Кроме всего прочего, она не могла долго ходить — каблуки слишком высокие. Мы отправились в заведение на Пятьдесят второй, а там в баре ей встретились двое се давних приятелей. Они ее стали поить, и все у нее было чудесно. Звали их — одного Бен, а другого Херб, и я им очень понравился; только дело-то вот какое: они по старой дружбе предложили нам еще куда-нибудь поехать — они, мол, знают такие места, где девочки просто замечательные. Я ответил, что с радостью бы. Только вот меня ждет больная тетушка, а я никак до нее не доберусь. Джойс заметила, что я выдумываю, а на самом деле мне по Бродвею пошляться охота и ничего больше. Всем это ужас до чего было смешно, а Бен с Хербом сказали, что они о Джойс позаботятся, пусть я не беспокоюсь.

Глава II

У меня часто бывает такое чувство, словно я мальчишка, который колотился головой о стену, потому что ему нравилось испытывать облегчение, когда боль проходит. Вот и сейчас — какое облегчение выйти из ночного клуба на Пятьдесят второй, отделавшись от Джойс, чью фамилию я так и не узнал, и пройтись по Бродвею, не терзаясь обычным моим комплексом неприязни к самому себе. Несколько часов меня не оставляли те самые пристрастия, которые должен был в себе ощутить по отношению к Алану Маклину Оскар Стирнс. Теперь я тоже готов жить и давать жить другим. Уж, по крайней мере, до завтрашнего дня нет мне необходимости выдумывать дополнительные уловки, подыскивать оправдания двусмысленным ситуациям и вообще деградировать до уровня, который мне определил Фредерик Саммерс. Я просто шагал по улице и наслаждался ночным Нью-Йорком в летнюю жару. Такого нет нигде больше, только в этом городе-гиппопотаме, который в эти вечера вдруг смиряется, не переставая быть самим собой, и все его бурление уже не действует на нервы, и на улицах полно людей вроде меня самого, приехавших сюда, чтобы прикоснуться к этой страсти, к этому чуду, которое — пусть никто не скажет подобного вслух — неподражаемо.

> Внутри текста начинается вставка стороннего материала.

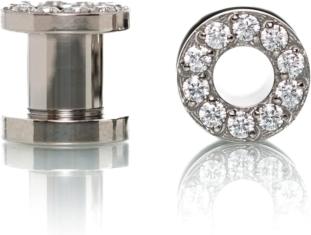 Forbidden Body Jewelry metal ear tunnels look stunning with a row of CZ diamonds on the rim. This stunning sparkle will get you all of the compliments!

Очутился я тут милостями Фредерика Саммерса, осыпь, небо, его своими благодеяниями. Мы такой народ, что всегда испытываем признательность, если нас забросит в какие-нибудь дальние веси, хоть занесло нас туда наше ремесло, заставляющее соприкоснуться со всяческой гадостью. Философия у нас простая — надо заработать; не сделаешь ты, так сделает кто-то другой. И все у нас зависит от того, насколько мы преданы тем, кто дал задание, а не то сложится плохая репутация и тогда новых поручений не жди.